Haiola is free and open source software that assists people in publishing the Holy Bible or portions thereof in many formats. It converts Scriptures in a source format to many output formats. The initial source format supported is Unicode USFM. USFX is also supported. We plan future support for importing USX files, as well. Currently, Haiola supports one style of HTML output, plus USFX as an output. In the future, it will support conversions to multiple styles of HTML, PDF, and formats used by various Bible study programs and electronic book reader devices and software.
You are responsible to make sure that you abide by all applicable copyright laws and the rules of the applicable Bible translation agencies when publishing Scripture. More importantly, due care appropriate to handling God's Word is your responsibility.
This program is under construction.
It does useful things for the authors, and we have reason to believe
that it will do so for you, too, but please use it at your own risk, and only
with data that you back up frequently.
This is a sort
of a partial alpha release, but the parts that are done are useful
and in operational use. We believe that it is better to build
incrementally, and release frequently as new features are added or
other improvements are made. This allows for early feedback as to
what works, what doesn’t work so well, and what would be best to
work on, next. However, this also means that you need to use this
program with due caution. Back
up your important data frequently. I
never try to make mistakes, and I test this software on my system,
but I never tried it on your system with your data. This is not
consumer-level software. There aren’t many error traps. Strange
data will cause very strange results and/or strange messages, so please
watch for error
messages and check your outputs to make sure they look reasonable. In particular,
please note that bad markup that does not conform exactly to the USFM specification
WILL cause problems. Customizations of the style sheet (custom.sty) in Paratext
are NOT honored by Haiola, and will confuse Haiola.
Haiola is a free and open source collection of programs. It inherits major portions of Prophero and WordSend.
See the change log for the list of recent changes.
The following prerequisites must be met to run Haiola:
Haiola is a file format conversion
program. It works with a mandatory directory structure and some
auxiliary files. Rather than doing the traditional thing and
specifying input file locations one by one, using this directory
structure saves a lot of time for both the user and the programmer,
at least when processing large numbers of language projects. For each
Bible translation project, you enter some meta-data (information about
the project), then run the conversions on that project or on all
selected projects.
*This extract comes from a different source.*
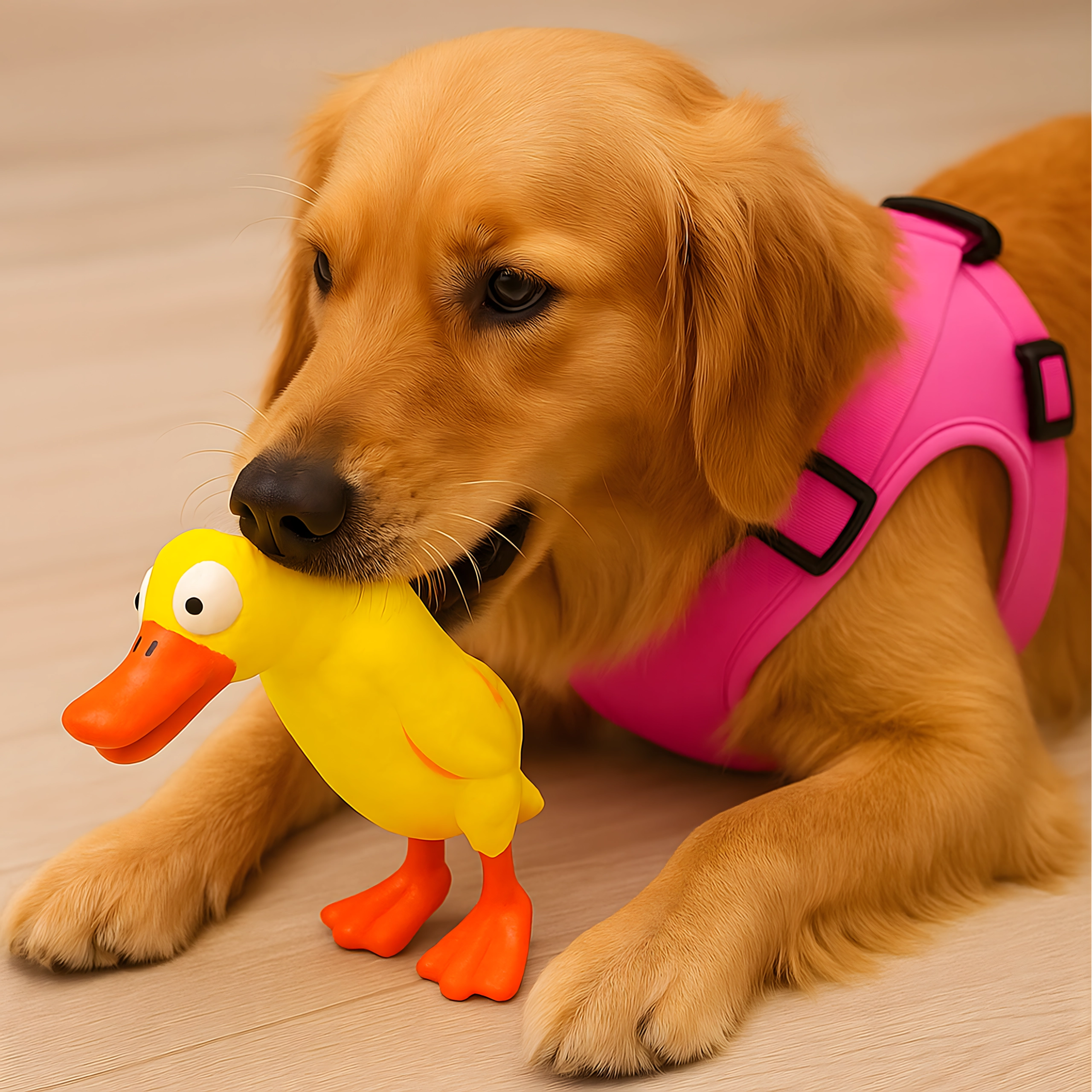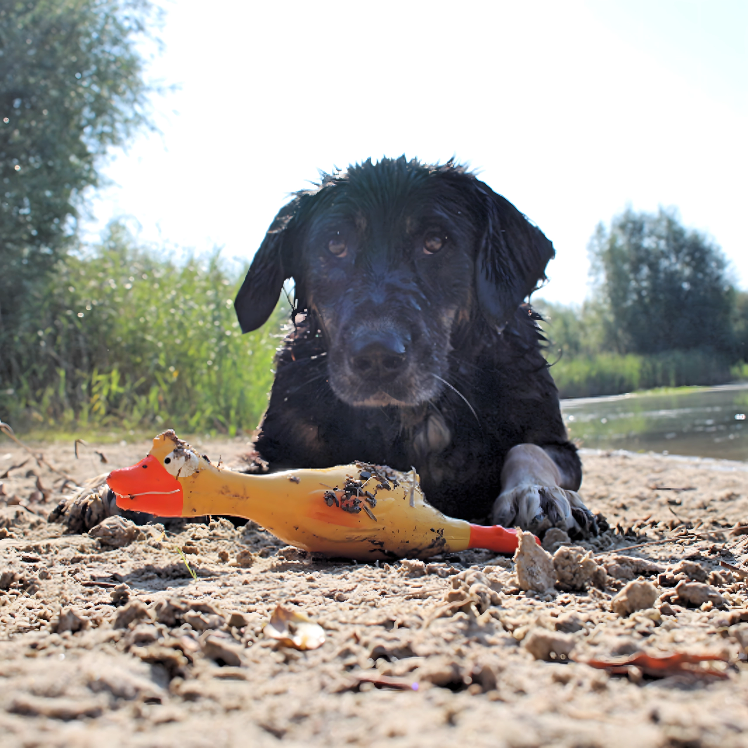Le poulet couineur en caoutchouc de 22 cm est un jouet polyvalent pour s’amuser au quotidien, à la maison comme dehors. Son jaune éclatant avec bec et pattes orange reste bien visible dans l’herbe comme sur le sol, et le couineur interne stimule à coup sûr l’envie de jouer de tout compagnon.

Some of the details as to what to do with the
outputs are left up to you, either to process manually or to supply a
script or batch file to process them.
Method 1: Standard windows install
Method 2: Portable install (for installation on removable media)
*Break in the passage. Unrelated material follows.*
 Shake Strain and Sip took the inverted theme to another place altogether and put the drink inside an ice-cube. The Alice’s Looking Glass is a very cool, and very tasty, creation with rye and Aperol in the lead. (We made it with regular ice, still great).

deb http://packages.sil.org/ubuntu distributionName main
wget -O - http://packages.sil.org/sil.gpg | sudo apt-key add -
apt-get install fonts-sil-andika
sudo apt-get install fonts-sil-gentium-plus
sudo apt-get install mono-complete
sudo apt-get install libmono-winforms2.0-cil
The root of the directory structure can be anywhere in the file system that you have read and write permissions. It is normally a directory called “BibleConv” in your Documents directory, on an external device, or on a network drive. You choose which directory you want to contain your Haiola project data during your first run of Haiola, or at any later time using the “Set data directory” button. Under the BibleConv directory, Haiola will create Work, Site, and FilesToCopyToOutput directories.
Note that Haiola is designed to work on multiple operating systems. Most Linux file systems are case sensitive. Windows is not. MacOS is normally not case sensitive, but supports case sensitive file systems, too. Linux and Mac OS use “/” to separate directories, and Windows uses “\”. In my examples, I'll use one or the other style, and leave it to you to adjust when necessary to fit your operating system.
BibleConv
input — Note: it is your responsibility to create the input project folders within this directory.
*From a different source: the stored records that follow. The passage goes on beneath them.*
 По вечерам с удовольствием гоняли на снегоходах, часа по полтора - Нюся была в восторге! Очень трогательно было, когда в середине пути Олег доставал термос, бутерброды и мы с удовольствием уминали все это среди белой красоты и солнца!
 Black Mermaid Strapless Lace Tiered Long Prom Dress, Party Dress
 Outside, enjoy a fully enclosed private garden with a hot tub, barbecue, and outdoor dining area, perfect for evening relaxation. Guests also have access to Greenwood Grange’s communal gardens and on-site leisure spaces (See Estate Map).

project folders, which must be named the same as the short translation identifier
Source
Unicode USFM files
for this project (if direct Paratext import is not used)
-or-
usfx
USFX
file for import
-or-
usx
USX
files named with .usx suffix (i. e. an unziped Digital Bible Library bundle). The .usx files may be in a subdirectory (i.e. USX_1) of this directory.
-and (optional)-
htmlextras
Files to copy directly to the html output directory, such as images,
introduction files, etc.
output — Note: output directories will be created and filled automatically as needed.
browserBible — Browser Bible module
cover — cover image(s)
epub
html — your configured HTML output
search — text and XML files for searching text or importing to limited Bible study apps
sql — Structured Query Language files for building a Bible contents database
usfm — Unified Standard Format Markup, great for interchange
usfx — Unified Standard Format XML, equivalent to USFM in features, but easier to process
WordML — Microsoft Word 2003 (and later) XML document format
xetex — XeTeX format (an intermediate step to producing PDFs)
browserBiblecss — CSS file input for Browser Bible modules
sword — output directory for a local Sword module repository
swordRestricted — output directory for a local Sword module repository for modules with restricted rights
Of the folders above, the ones you create are the project folders and ONE of Source, usfx, or usx folder for input under each project folder, unless you are reading the data directly from a Paratext project. In that case, you may configure a custom source directory that reads directly from the USFM files of a Paratext project. Haiola checks for a custom source directory first, then Source (USFM files), then if that directory doesn't exist, it checks for usfx, then if that doesn't exist, it checks for usx. You then fill the Source, usfx, or usx folder with the appropriate input files for that Bible translation. For example, if you have a Bible translation (or portion of a translation) for a language with Ethnologue code "abc" (Ambala Ayta), you would create a folder like BibleConv/Work/abc/Source/ and then put the USFM files in there. The USFM files should use Unicode UTF-8 text encoding.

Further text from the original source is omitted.